Andrew:  Yeah. The old Muse just did that. The newer Muse is there's two of them. One does the sites across the forehead, the temples, the two sites above the eyes. And it has a new jack. You can plug in an extra sensor to put it on the head. There's some flexibility, but it still focuses on the forehead as most of the place you're measuring and training. And again, forehead is full of muscle tension.

Ben:  Now, what do you mean when you say noise?

Andrew:  Meaning, you're picking up data from the electrodes that are touching the skin, and you're picking up electricity, flexing electricity. And some of that electricity has been generated by groups of neurons behind the bone. And a lot of it's being generated by muscles on top of the bone. And since electricity is so small, about 100 microvolts behind the bone, actually higher than that, but–so it's attenuated, dampened by traveling through bone. So, any muscle tension at all will cause big spikes of activity in the signal because it's EMG, electromyography, or muscle tension, causing electrical discharge. I'm sure your kids, when we were training those guys, I'm sure when we first started playing, they realized they could clench their jaw and make the ship crash.

Ben:  Oh, yeah, totally.

Andrew:  Whatever it was.

Ben:  Yeah.

Andrew:  Yeah. And that was adding jaw tension, big giant discharge of jaw noise, EMG muscle discharge, swamping the brain measurement signals because their tiny little signal is being coaxed out in some ways from beneath the scalp to measure. So, all the forehead devices have this big problem of measuring through a lot of other things that aren't brain to get the brain activity. And the way you do that, a bunch of ways. It all requires filtering and you have to think of it as kind of mathy. But whenever you're filtering frequencies out, like muscle tension out of a signal, if you're filtering in the frequency math, you end up causing a shift in time. Frequency and time are related, and signals. And so, if you really aggressively push on one, the other one moves.

So, what you end up getting if you filter someone's muscle tension off their forehead to get to the EEG out of it is you get an EEG that is not time-related to the person's brain. It shifts in time. It's decoupled. What that means is you can't do real-time feedback, neurofeedback, in some ways on that real-time signal. But the Muse has this amazing thing of providing almost like an index of, “Hey, wait, I meditated cool with the initial software.” And so, it lets you get into this like habit. It's a reinforcer behaviorally, not neurofeedback operant conditioning, but behavioral operant conditionings that the Muse gives you because it actually encourages you to sit there and relax your forehead to get good signal.

Ben:  So, you're still getting benefits, it's just not quite as powerful as traditional neurofeedback training because of the noise.

Andrew:  And the other piece of it is that even if you use the Myndlift software and the Myndlift ecosystem, which involves hiring clinician, and going through some goals, and doing some mini-assessments, even if you do all of that and mirror the process, and make a process of working in a neurofeedback coaching environment, it looks a little bit the same, but you still haven't done the full head mapping.
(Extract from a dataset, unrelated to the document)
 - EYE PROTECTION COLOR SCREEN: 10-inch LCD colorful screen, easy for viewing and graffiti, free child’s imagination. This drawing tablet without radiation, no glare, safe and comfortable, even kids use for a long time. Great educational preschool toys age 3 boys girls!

You still haven't done the deep clinical reviews. You still aren't getting control over the process in a more nuanced way. Like, I can't use the Myndlift to do the neurofeedback I did with you. And now, I use really high in clinical software. Actually, I upgraded it, too, I think, not too long ago.
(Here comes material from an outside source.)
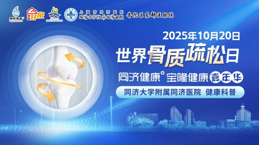 每年的10月20日是“世界骨质疏松日”,2025年的全国宣传主题为 “健康体重 强骨健身” ,倡议社会各界保持骨骼健康、促进全身健康的理念。 全国骨质疏松症流行病学调查显示,全国骨质疏松患者超9000万,一次简单的咳嗽、弯腰都可能引发骨折,这并非危言耸听,而是沉默的骨质疏松症在“作祟”。 体重关乎骨量,强骨才能强身——四大专家揭秘骨质疏松的防与治 值此之际,上海市同济医院内分泌代谢科与骨科四大专家强强联手,于10月20日上午在甘泉路街道新宜居民区党群服务站进行了线上线下科普活动。为您揭示从预防、内科治疗到微创手术的全程骨骼健康管理策略。 识别上方二维码 回看科普直播

But we were really high in clinical software and I can't do things with simple systems that might want to do [00:31:23] _____ coherence, replicating all the flow state, access consciousness work you might want to do. Can't we do that as well? Or targeting stuff individually. If you got trauma work or seizure work or something, the classic one size fits all system says, “Oh, for ADHD, you want to bring up this frequency. But you have trauma, and that frequency tends to like crack open your old rooms in that way, make you super reactive and drop your sleep.” Like people are whole creatures. We both trained a lot of people across different domains, and people are variable.

Ben:  Yeah.

Andrew:  And while every third guy might want to lose 20 pounds and show their abs, the path to get there is a little different. I mean, you know the mechanics really well to get somebody better in shape, in better performance, and feeling better, a lot of different ways to go after it. And you can bring whatever tools you need to bear to tweak the process so that it's a little different if you're coaching me, or you're coaching a 20-year-old, or you're coaching a 70-year-old woman, or you're coaching somebody who has no time, or somebody who insists on being vegan. Like, there's different criteria for what you have to adjust to. And then, brains are more different than bodies. The good news is that change faster so you can get massive shifts rapidly.
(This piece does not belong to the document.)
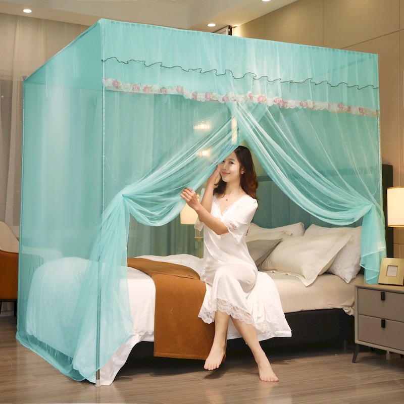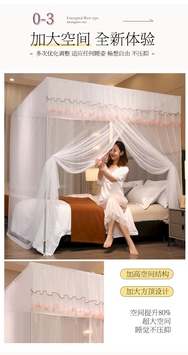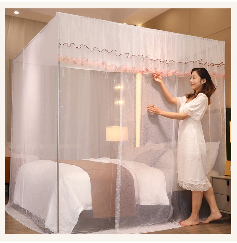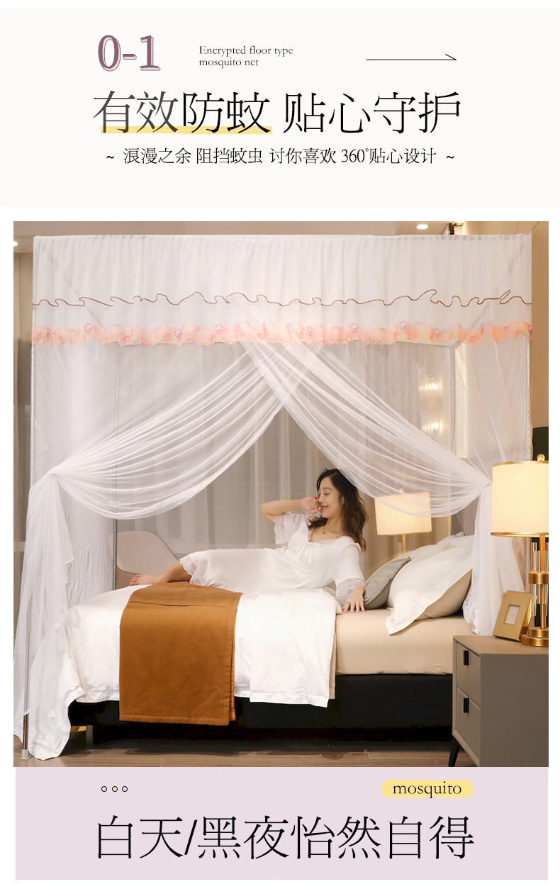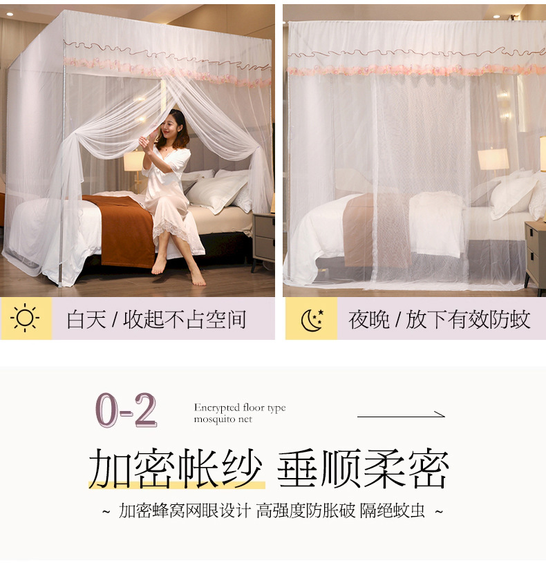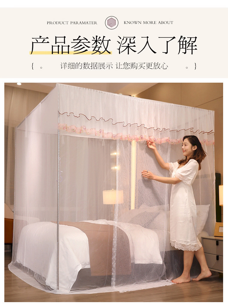 跨境外贸单开门蚊帐加密新款落地简约风家居卧室帐纱新款带支架

Ben:  It's interesting though because there's a couple of things, like if you look at Myndlift, for example, sorry for kicking this horse to death, they say they provided detailed snapshot of your unique brain activity, like before you start training. But that's not the same as a QEEG?

Andrew:  Not the same as a QEEG, no. It's a spot measurement of a handful of sites instead of this referential normative process. So, it's sort of like one set of ideas. And the same thing that the Muse did when they first came out. The Muse with their meditation software, they did a bunch of EEGs and meditator, and said, “Oh, okay. Meditation is high off the stage, frequencies, et cetera. We're going to put a meter on our little software that says when your alpha goes up and slows down and your beta drops away that you're meditating.” Which is true for like maybe two-thirds of people. They're producing some meditation type waves. But for some people, they're falling asleep and getting meditation meters going up on those apps or some people that are anxious and getting the meditation meters going up. It doesn't make sense because it doesn't actually track.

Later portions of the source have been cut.